Don’t be afraid to share The List with other trusted people, though. After my cofounder and I went through a couple finalists, we showed those winning options to our spouses and… they both hated them (shocker, it wasn’t until we were almost ready to go with a final option that they finally had opinions! Much like code, no one really has a firm opinion until you say you’re about to make a decision.) But through that process we showed them The List and there was one that stood out that we looked at with fresh eyes, and… well, turns out we liked it after all. And then we bought it (for $5k, which was a lot more reasonable than others we were close to pulling the trigger on).
Other considerations
A few other thoughts that I’ve come to over the years:
- Capitalization and spacing can be strangely important, or absolutely drive you crazy.
GitHub
seems like a nice name, but I still go into a blinding rage every time I see someone type “Github” (and occasionally I’ll hear someone pronounce it “gith-ub”, but only once, because as soon as they mispronounce it that way they end up murdered, which is purely a coincidence, I swear). - That said, our next company is also that format, in that it’s TwoWords together, no spaces. This one bothers me to my core, but this time we have two more common easily-identifiable words, as opposed to “Git” and “Hub”, which are a bit more awkward. So we’ll roll the dice here.
- If you’re having issues generating ideas and possible words, read a whole bunch. Don’t necessarily read, but look through blog posts and books and articles in your chosen product area and just look at all those words in a big block. See what jumps out at you. I found that to be super helpful in finding those “idea-adjacent” words that you won’t directly think up, but might work for a name.
Overall… naming things sucks. There’s no way around it. But something to keep in mind: your name feels really permanent, but it’s not really permanent. If you hit a home run and find yourself with a $100M run rate, well, who gives a shit, just plop five million on the perfect domain name- you’ll be able to afford it at that point.

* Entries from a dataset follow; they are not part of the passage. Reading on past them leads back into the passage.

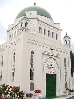 Upon arrival in London he proceeded directly to Ludgate to fulfill a prophetic Hadith which refers to the Bāb al-Lud (the gate of Lud)[52] and led some 300 Muslims in a lengthy prayer outside the entrance of St Paul's Cathedral.[53][54] His speech on Ahmadiyyat, the True Islam was read out in Wembley's Conference of Living Religions 1924, where he had been invited by the conveners of the conference to represent Islam. In London he also laid the foundation stone of the Fazl Mosque, an occasion which was well publicised. The construction of the Mosque was completed in 1926 and the cost thereof was borne entirely by the women of the community.[55] Later he also visited Pevensey in order to carry out a ritual imitation of William the Conqueror believing his visit to carry a mystical significance in fulfillment of its spiritual one in lieu of a vision he had seen before his departure, in India.[56] Whilst in Brighton he also paid a visit to the Memorial to Britain's Fallen Comrades-in-Arms from India during World War I known as Chattri (Brighton) and led prayers in the ground in front of the Brighton Pavilion.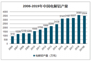 2006-2019年中國(guó)電解鋁產(chǎn)量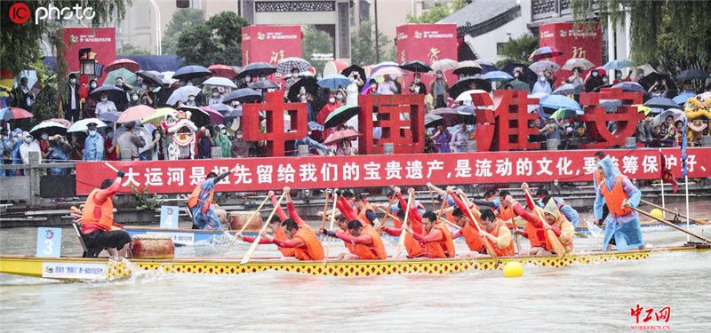 江苏淮安:赛龙舟迎端午 104支队伍参赛
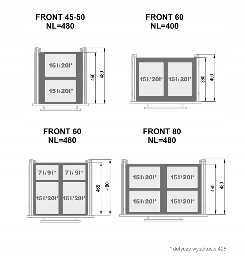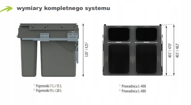 для шаф з шириною 450 мм - 500 мм та глибиною 480 мм - набір з 2 сміттєзвалища про ємність 15 літрів (висота 320 мм), набір з 2 контейнерів потужністю 20 літрів (висота 425 мм;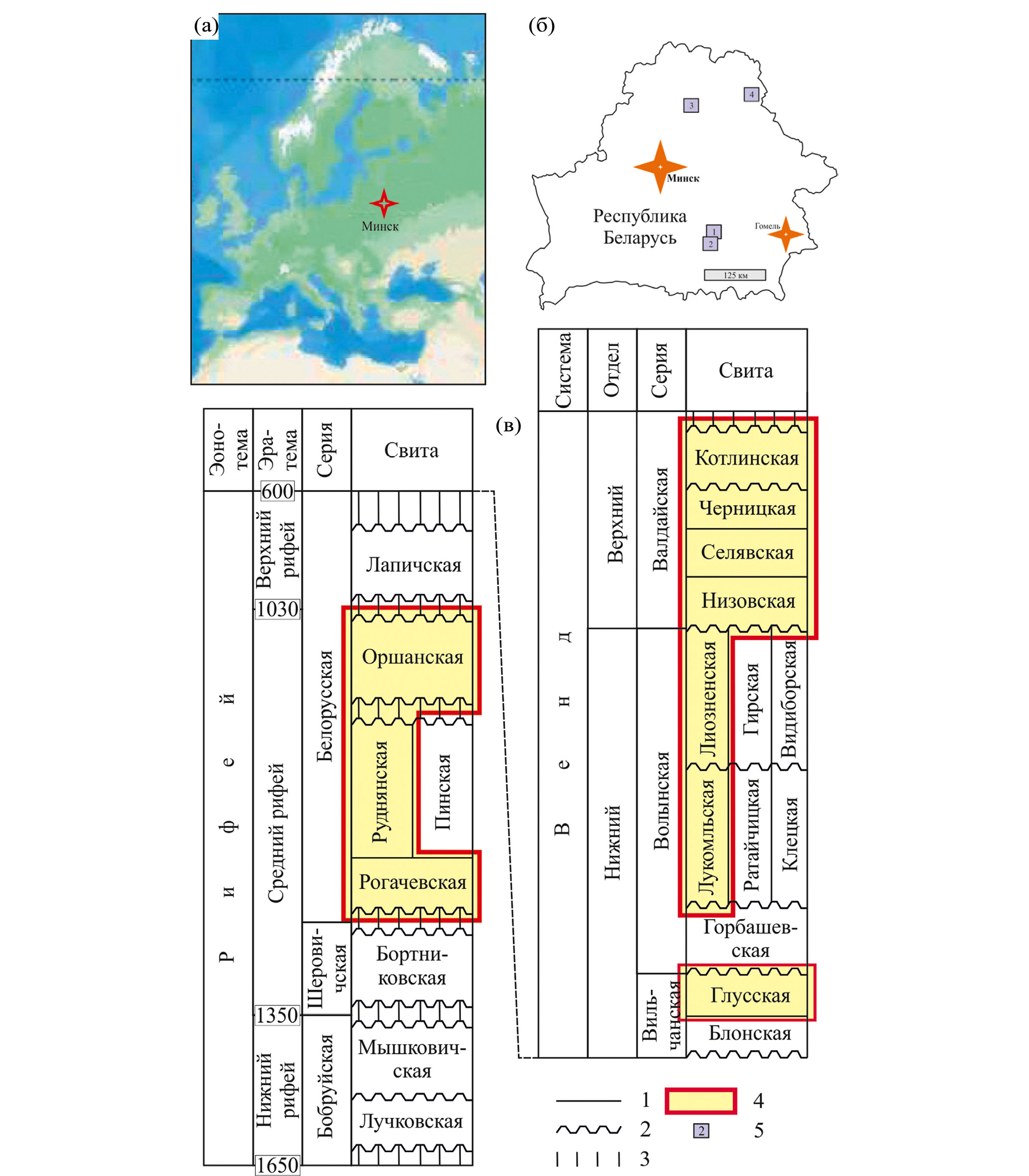 Широко распространенные на западе Восточно-Европейской платформы (ВЕП) в пределах Республики Беларусь верхнедокембрийские осадочные последовательности принадлежат и рифею, и венду [Махнач, 1966; Махнач и др., 1975 и др.; Геология …, 2001; Стратиграфические …, 2010; Kuzmenkova et al., 2018; Кузьменкова и др., 2019а, 2019б; Лапцевич и др., 2023; Стрельцова и др., 2023]. Рифей Беларуси, как и в стратотипическом разрезе на Южном Урале, разделен на три эратемы – нижне-, средне- и верхнерифейскую. Его породы несогласно, с крупным стратиграфическим перерывом залегают на кристаллическом фундаменте ВЕП. Также несогласно они перекрыты покровно-ледниковой формацией вильчанской серии, а в случае отсутствия последней – вулканогенными и вулканогенно-осадочными образованиями волынской серии венда.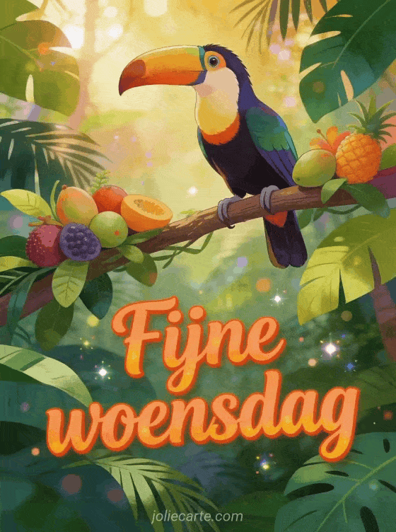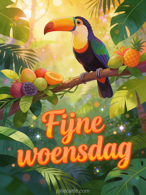 Stuur een kleurrijke fijne woensdag groet met een toekan op een tak naast exotisch fruit in een weelderige jungle, warm goud licht en felle tropische kleuren. Ontdek ook fijne woensdag kusjes kaart, fijne zonnige woensdag afbeeldingen of tekst om een fijne woensdag te wensen.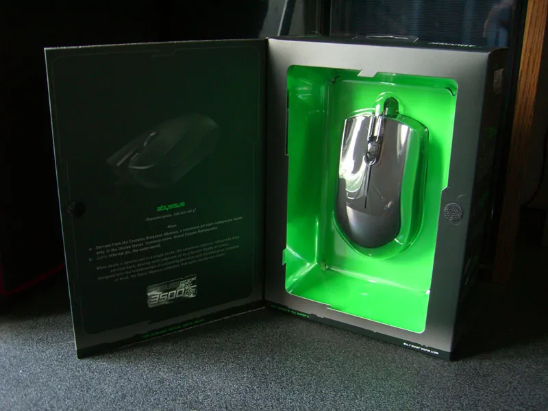 Мышка Razer Abyssus. Те, кто читал хотя бы один обзор по мышам Razer, могут заранее предугадать реакцию: полный восторг. Коробка на липучке, открывается как книжка, позволяя увидеть содержимое. Качество упаковки - на высоте, хочется жамкать до умопомрачения. Сама мышь идет в комплекте с документацией, причем гады производители положили в коробку каталог продукции. Уже влюбилась в геймерские уши с микрофоном и клавиатуру. Отлюбить не получится, уж очень вкусно выглядит. Полиграфия на самом высоком уровне, все в конверте, пафосно сложенное, пахнет вкусной книжкой. И, собственно, виновница торжества, кокетливо подмигивающая голубеньким логосом. Никаких наворотов, очень лаконично. На ощупь очень приятная, шнур длинный, гоняется легко и без проблем. К слову, это первая моя пафосная мышка, и изначально все мыши у меня были из разряда "воткни и юзай". Razer Abyssus в этом плане посложнее в настройке (чур, не глумиться, пишет техническая блондинка). Однако стоит разобраться - и начинается кайф. Колесико крутится ровно настолько, насколько нужно. Рука буквально требует, чтобы ее вернули обратно на мышь. В общем, полная эргономика. Собираюсь опробовать ее в Titan Quest, посмотрим, что получится.

And you can change your legal name, too (not that it has to match your DBA name, either). GitHub was legally Logical Awesome, LLC for years until we switched to GitHub, Inc.. Seems daunting when you’re just getting started… but everything’s a lot easier down the line when you’re making revenue and have many other employees to help you make that transition.
But yeah, naming things. Terrible stuff. On the other hand, “TerribleStuff” might be a great ironic name for a company, so give that a shot.